# What you will do:
Everything in the listing should be copied exactly, save for the pictures.

# Exercise inputs:

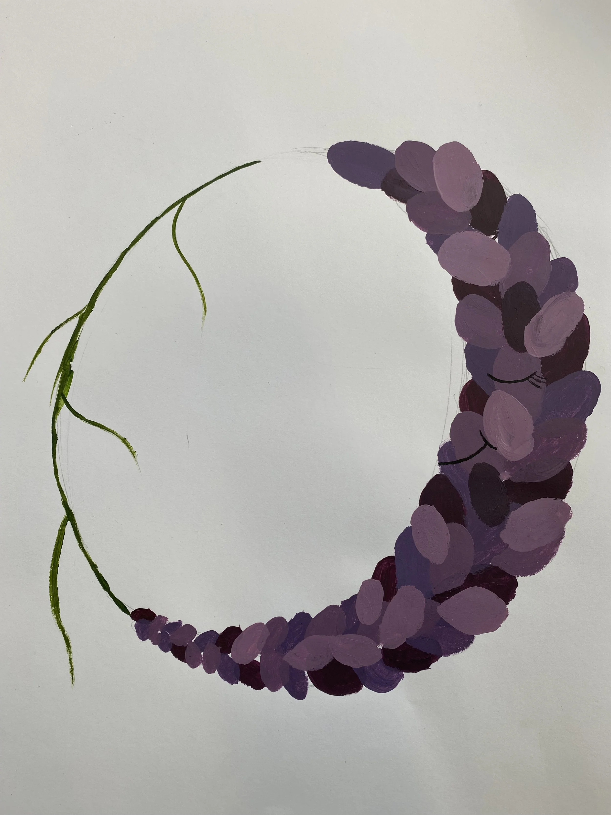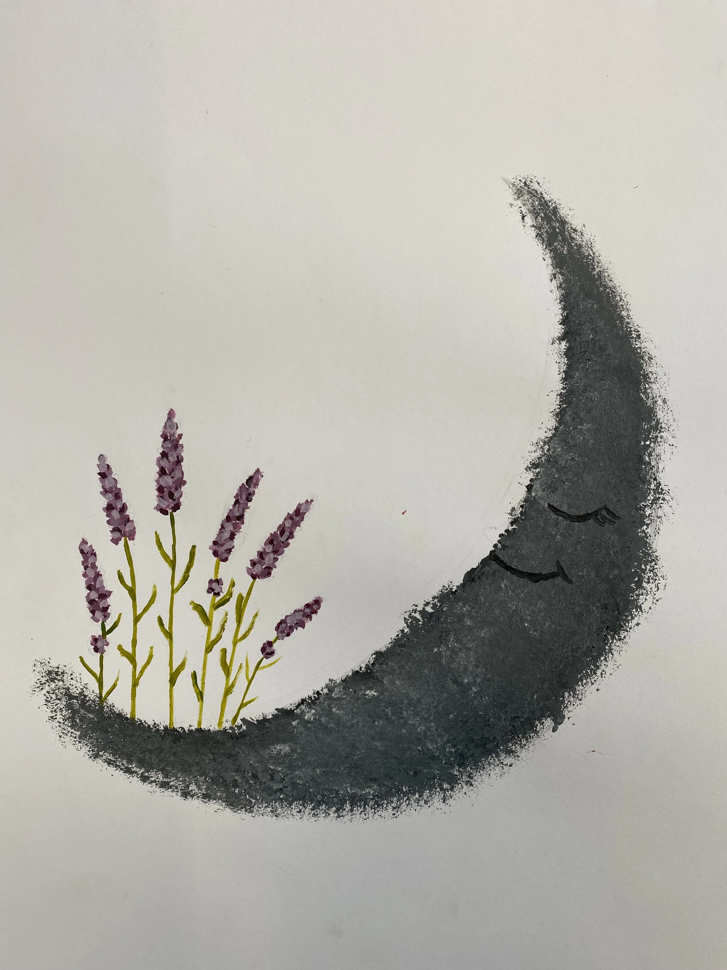 I wanted to show how herbs can help with medical issues and help with day to day struggles. Lavender can be beneficial and helps people with insomnia so I painted a sleeping lavender shaped as the moon.
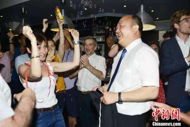 2017年6月,法国议会选举中,巴黎市议员、巴黎十三区副区长陈文雄在巴黎第九选区胜选,成为法国本土首位华裔国民议会议员。图为助选团队和支持者为陈文雄(右)举行庆祝活动。中新社记者 龙剑武 摄
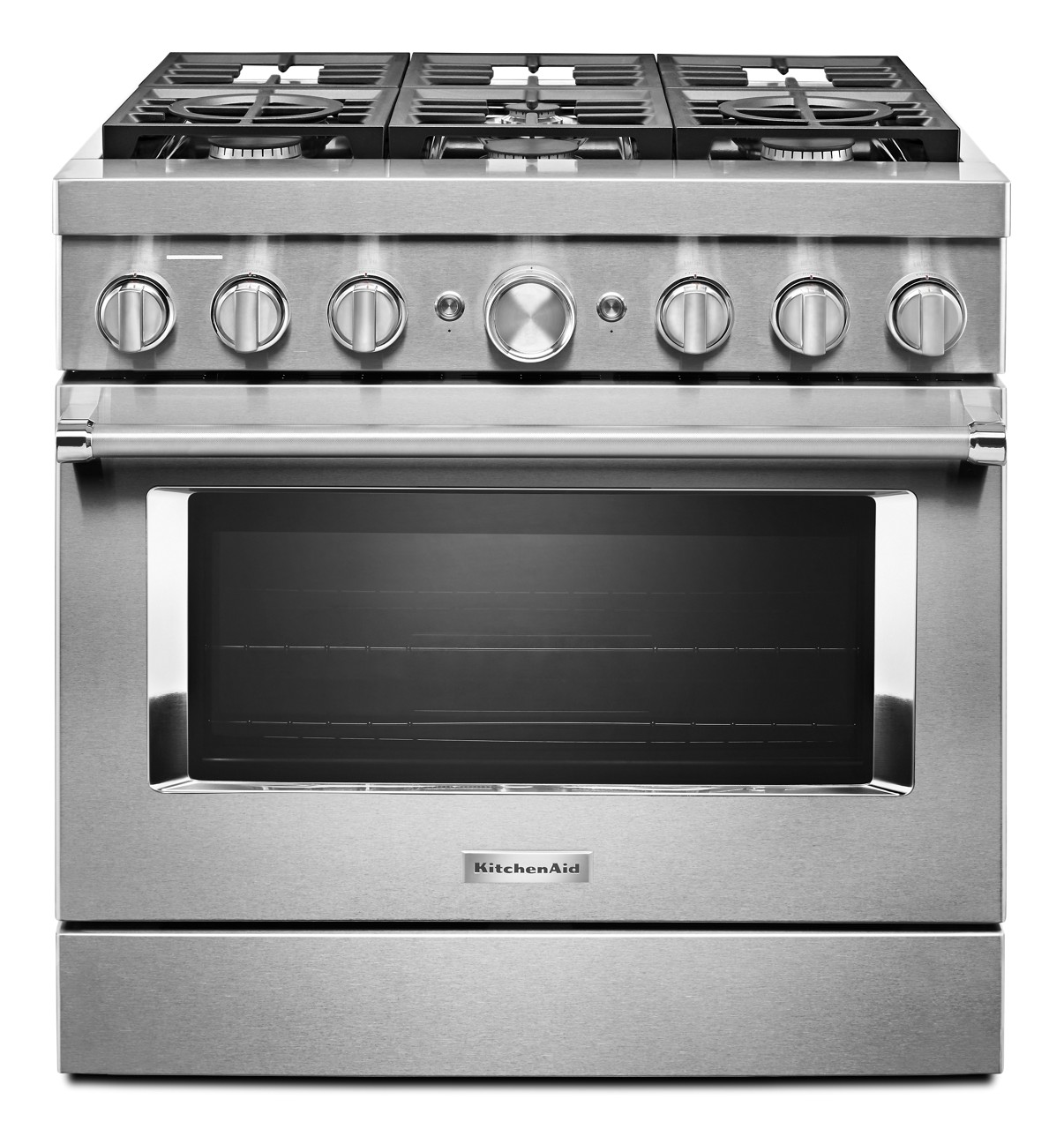 Expand your skills with a 36-inch KitchenAid® Pro Style Range with 6 burners. This dual fuel range combines a gas cooktop with the even baking of an electric oven. Two 20,000 BTU Ultra Power™ Dual-Flame Burners offer the power and precision to successfully sear, simmer, stir-fry and saute´. Even-Heat™ True Convection helps you achieve more consistent baking and roasting.Read More
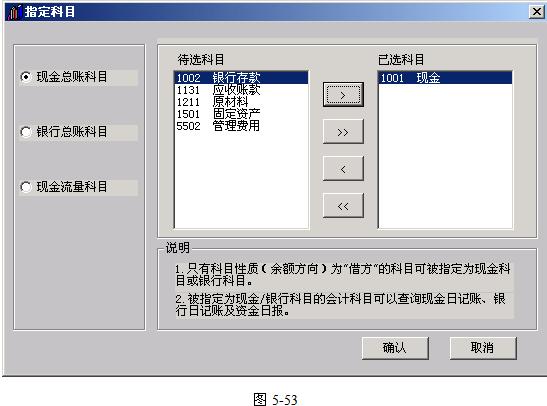 指定會計科目是指定出納專管的科目。指定科目后,才能執(zhí)行出納簽字,從而實現(xiàn)現(xiàn)金、銀行賬管理的保密性,也才能查看現(xiàn)金或銀行存款日記賬。
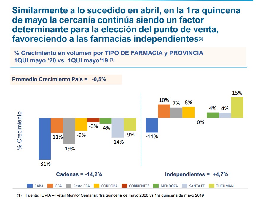 Durante la cuarentena, la cercanía fue el factor determinante para la elección del punto de venta, lo que favoreció a las farmacias independientes. En la primera quincena de mayo las cadenas de mayor peso cayeron un -14.2% en volúmenes en todo el país, según la consultora IQVIA.
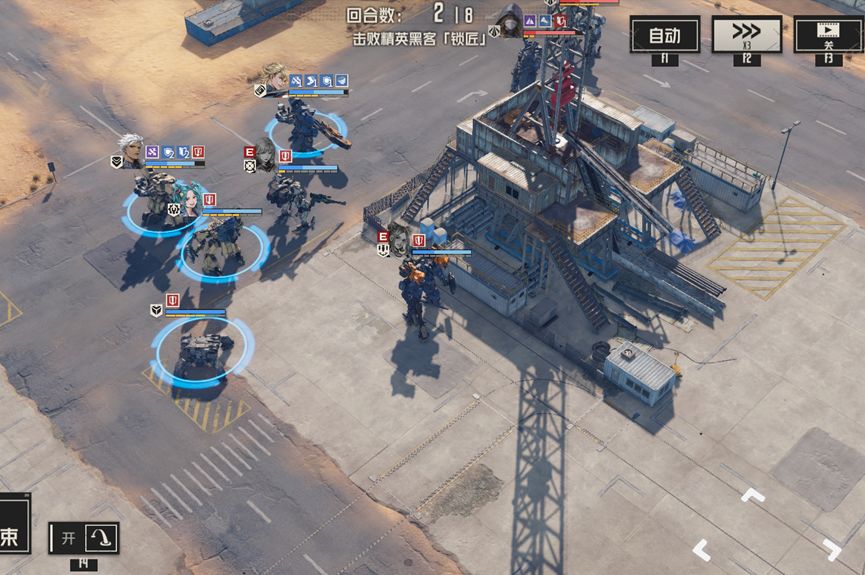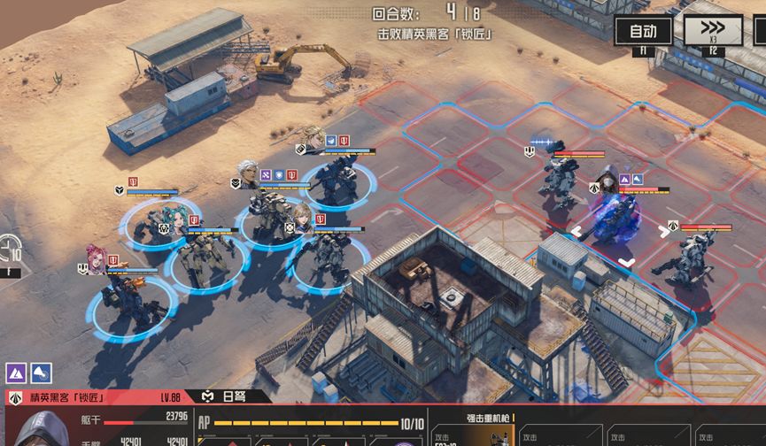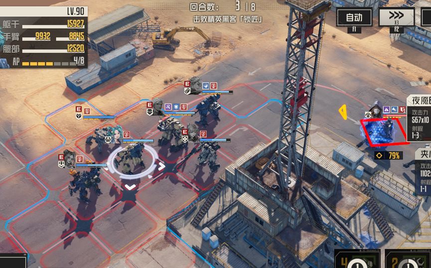 奈奥米打残上方敌人,随后迪恩收掉,补充ap,这里迪恩暂时不攻击boss,而是走出boss攻击范围,避免下回合boss回耐久
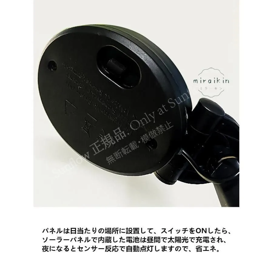 ?曇りや雨などの天候が悪い場合は、充電不足によりライトの点灯時間が短く発光も弱くなる場合があり。
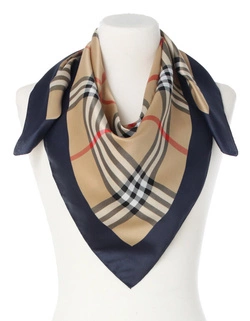 Klasyczna beżowa chusta włoska apaszka elegancka w kratkę na piękny prezent Ornament 90x90cm Made in Italy
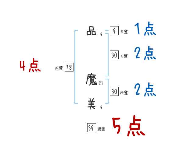 品魔美さんの画数の鑑定結果

# Task result:
 I wanted to show how herbs can help with medical issues and help with day to day struggles. Lavender can be beneficial and helps people with insomnia so I painted a sleeping lavender shaped as the moon.
 2017年6月,法国议会选举中,巴黎市议员、巴黎十三区副区长陈文雄在巴黎第九选区胜选,成为法国本土首位华裔国民议会议员。图为助选团队和支持者为陈文雄(右)举行庆祝活动。中新社记者 龙剑武 摄
 Expand your skills with a 36-inch KitchenAid® Pro Style Range with 6 burners. This dual fuel range combines a gas cooktop with the even baking of an electric oven. Two 20,000 BTU Ultra Power™ Dual-Flame Burners offer the power and precision to successfully sear, simmer, stir-fry and saute´. Even-Heat™ True Convection helps you achieve more consistent baking and roasting.Read More
 指定會計科目是指定出納專管的科目。指定科目后,才能執(zhí)行出納簽字,從而實現(xiàn)現(xiàn)金、銀行賬管理的保密性,也才能查看現(xiàn)金或銀行存款日記賬。
 Durante la cuarentena, la cercanía fue el factor determinante para la elección del punto de venta, lo que favoreció a las farmacias independientes. En la primera quincena de mayo las cadenas de mayor peso cayeron un -14.2% en volúmenes en todo el país, según la consultora IQVIA.
 奈奥米打残上方敌人,随后迪恩收掉,补充ap,这里迪恩暂时不攻击boss,而是走出boss攻击范围,避免下回合boss回耐久
 ?曇りや雨などの天候が悪い場合は、充電不足によりライトの点灯時間が短く発光も弱くなる場合があり。
 Klasyczna beżowa chusta włoska apaszka elegancka w kratkę na piękny prezent Ornament 90x90cm Made in Italy
 品魔美さんの画数の鑑定結果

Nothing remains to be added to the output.